Nas décadas passadas, os estudos de drenagem urbana eram focados nas avaliações técnicas de métodos de proteção de cheias. Porém, devido à expansão e intensificação

do uso do solo, do crescimento dos prejuízos potenciais em planícies de inundação e do crescimento dos conflitos entre o uso econômico do solo e as políticas de proteção de cheias, os aspectos sócio-econômicos passaram a fazer parte das avaliações de cheias (SCHANZE, 2002 apud MESSNER & MEYER, 2005). Nesse contexto, surgem os métodos de gerenciamento de risco de cheias e as metodologias de análise de risco, que em resumo mostram as áreas que podem sofrer maiores prejuízos devido a enchentes.

A vulnerabilidade é o potencial de prejuízos socio-econômicos e ambientais de uma região, para um evento de cheia (CUTTER, 1996; MITCHELL, 1989). Quanto maior a exposição de uma região a cheias e quanto maior a quantidade de prejuízos possíveis e de ativos expostos, maior a vulnerabilidade dessa região. A vulnerabilidade é expressa, geralmente, através de elementos em risco, de indicadores de exposição e de indicadores de suscetibilidade (MESSNER & MEYER, 2005), conforme mostra a Figura 3.3.

Figura 3.2: Exemplo de curva de probabilidade x prejuízo.

Figura 3.3: Tipos e construção de indicadores de vulnerabilidade.

Fonte: Adaptado de MESSNER & MEYER., 2005.

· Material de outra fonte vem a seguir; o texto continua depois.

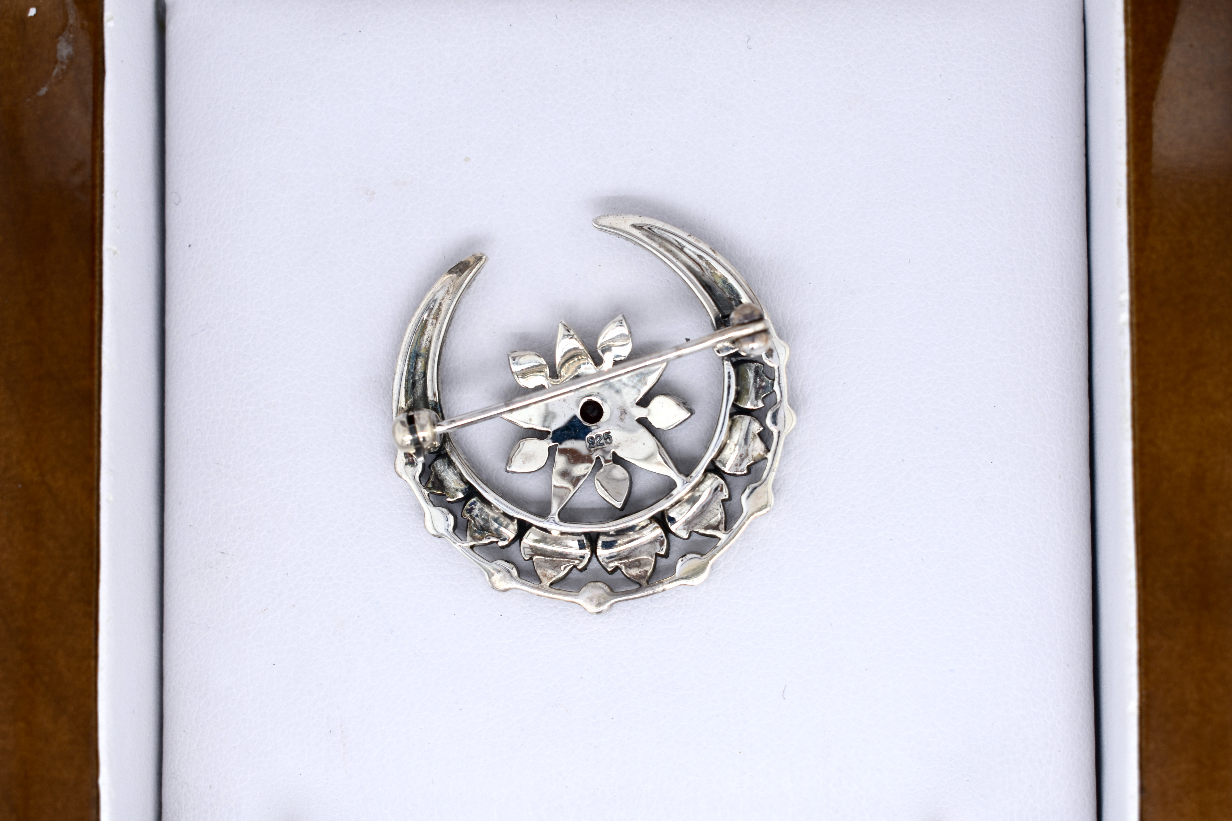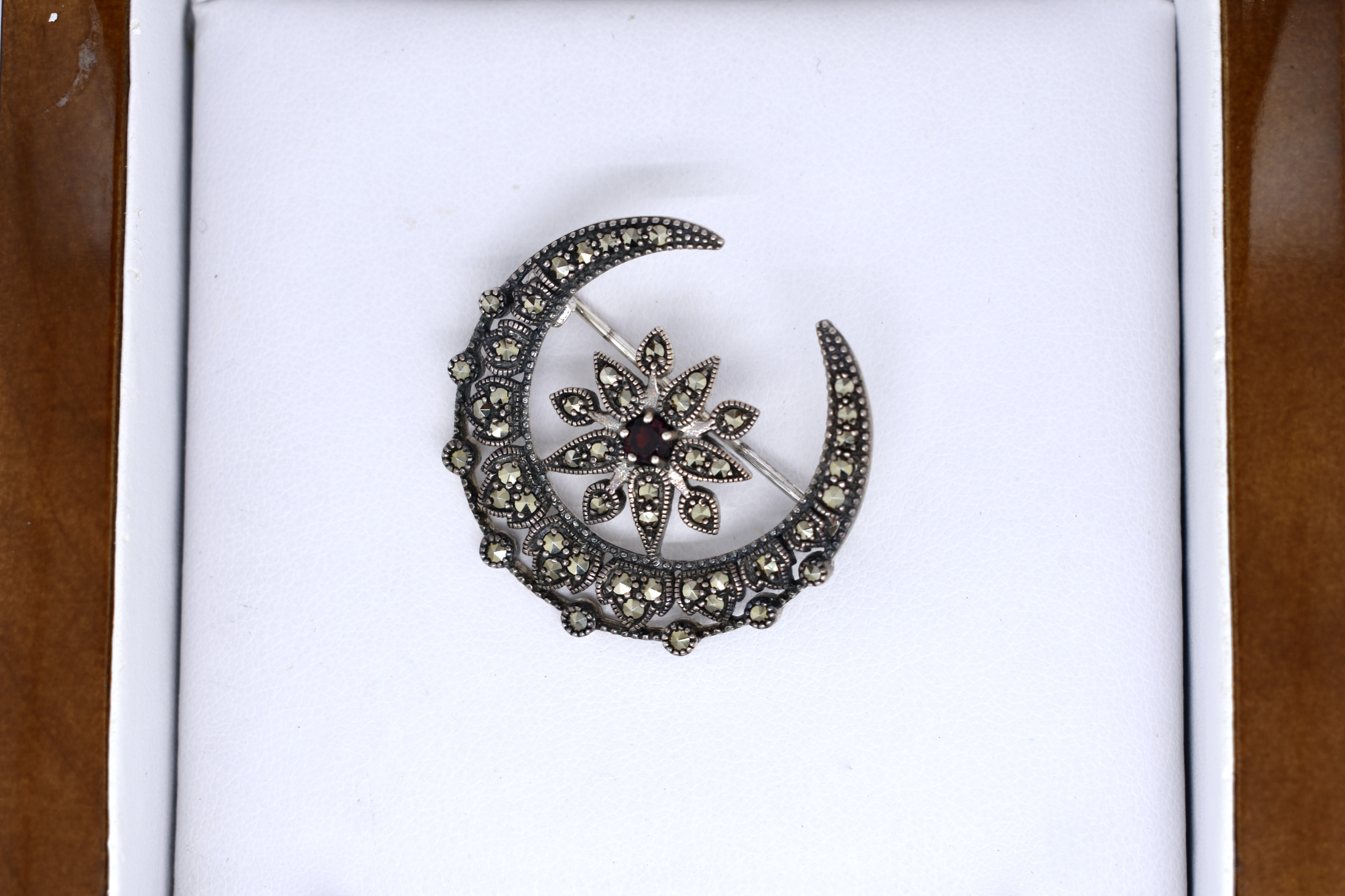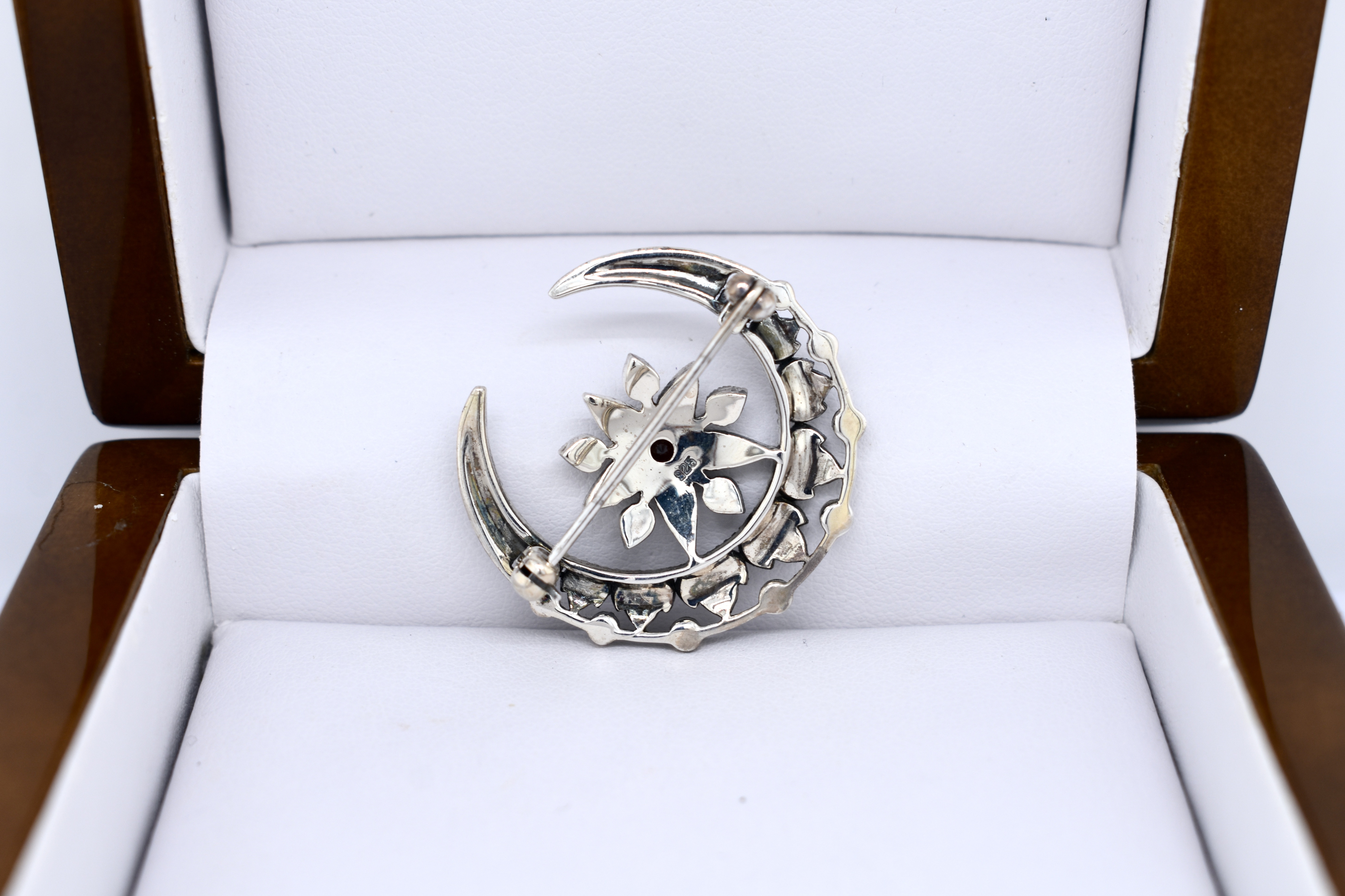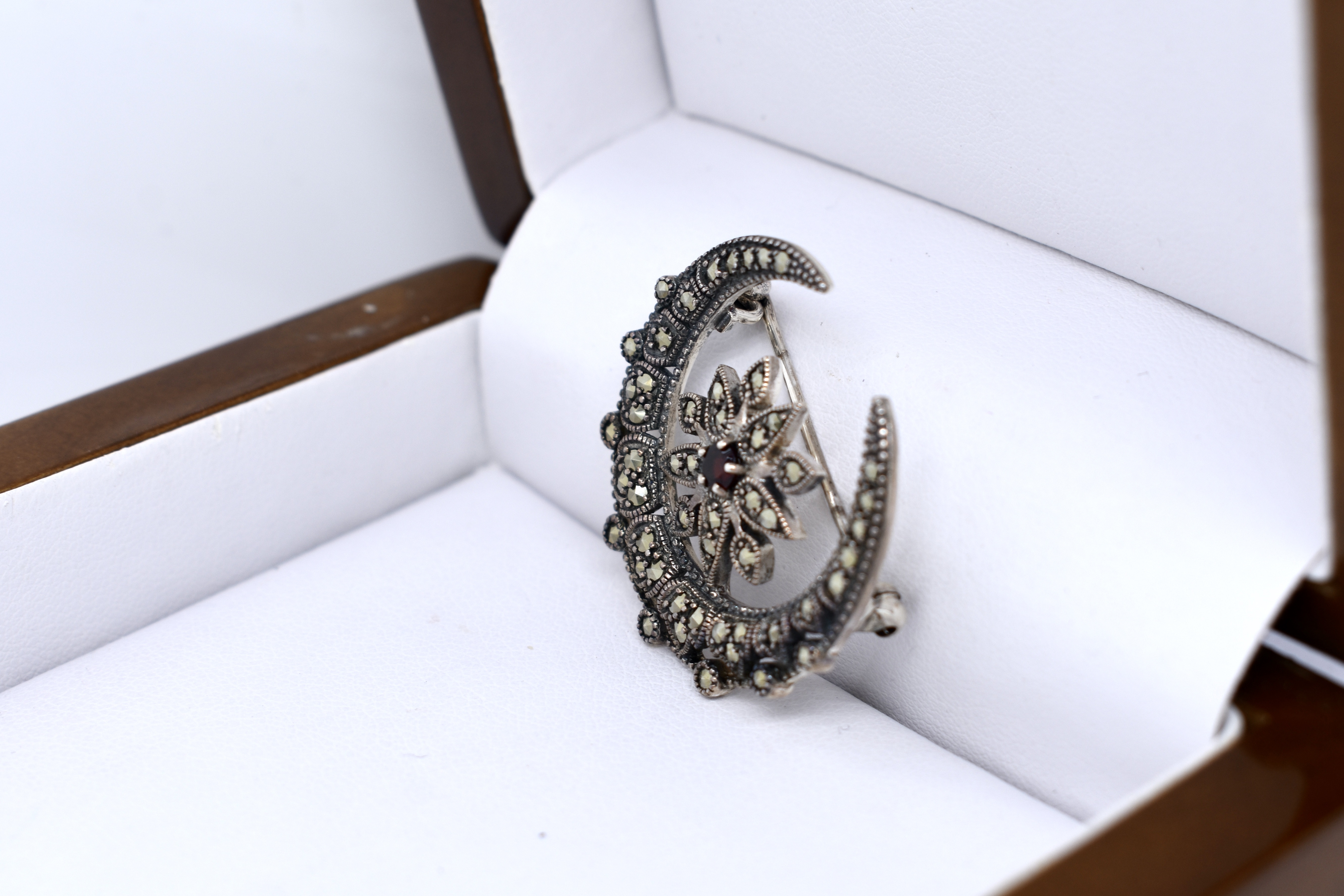 This pretty sterling silver brooch depicts a crescent moon with a flower in the centre. Made with marcasites, the flower features a red garnet claw set in the centre.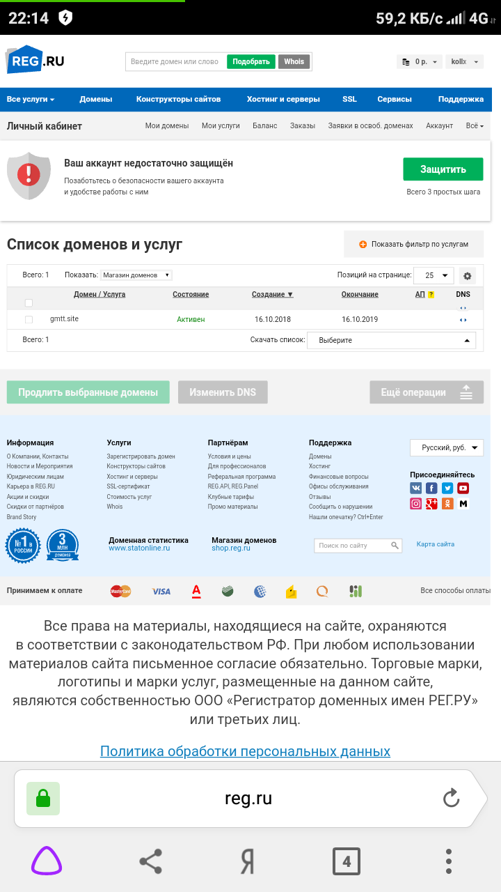 Ну я зашёл в кео там надо пробивать от рег вроде да ? Вот это днс?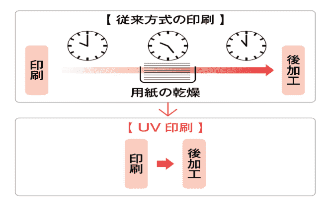 UV印刷は一瞬でインキが乾くため、乾燥待ち時間が不要。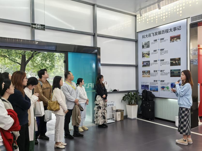 在讲解人的带领下,同学们详细了解了科大讯飞企业的发展历程及其科研成果,知晓其为国内第一家大学生自主创业且上市的企业。通过观看AI解说员用多国语言对企业进行介绍的视频,同学们对于科大讯飞人工智能发展的水平有了初步的认识与体会。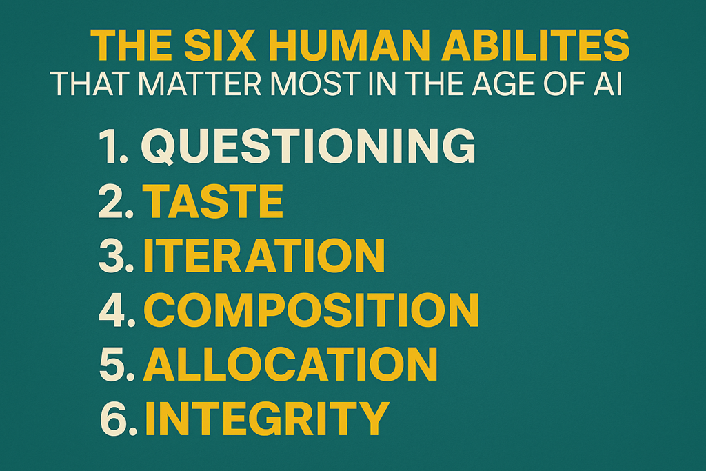 The future belongs to those who can question, curate, iterate, connect, prioritise, and act with integrity. Tools will come and go. These abilities compound.

Os elementos em risco são o grupo de ativos que podem ser prejudicados com a cheia. Eles podem ser sociais, econômicos e ecológicos. Os principais são pessoas, domicílios, firmas, produção econômica, prédios públicos e privados, infraestrutura pública, patrimônio cultural, espécies ecológicas e paisagens. Eles podem ser quantificados monetariamente ou não-monetariamente, constituindo o chamado potencial de prejuízos.

Os indicadores de exposição são aqueles relacionados à exposição e às características da cheia. Os itens que compõem esse indicador podem ser vistos na Figura 3.3.

Os indicadores de suscetibilidade medem a sensibilidade dos elementos em risco e como eles se comportam na ocorrência de uma cheia. Esses indicadores são influenciados por características da região, como materiais de construção utilizados, número de andares dos edifícios, características da formação da cheia e forma como a população e o poder público reagem à cheia. Dentro da reação à cheia, podem ser

incluídas características como a consciência, a preparação, a superação e a recuperação da cheia. Esses itens têm relação com características demográficas e sociais, como educação, idade e gênero da população (BLAIKIE et al., 1994; WATTS/BOHLE, 1993; HEWITT, 1997; SMITH, 2001), e com características administrativas da região, como número de edifícios protegidos por medidas de controle, número de pessoas com seguros contra cheias, número de pessoas preparadas para agir durante as enchentes, qualidade das obras realizadas para o controle do evento e organização dos órgãos gerenciadores da região (GREEN et al., 1994). Dentro dessa categoria, indicadores técnicos de suscetibilidade medem a habilidade de recuperação e a fraqueza da infraestrutura de abastecimento de água, de esgotamento sanitário, de telecomunicações e de energia aos eventos de cheias (GASSER & SNITOFSKY, 1990; PLATT, 1990).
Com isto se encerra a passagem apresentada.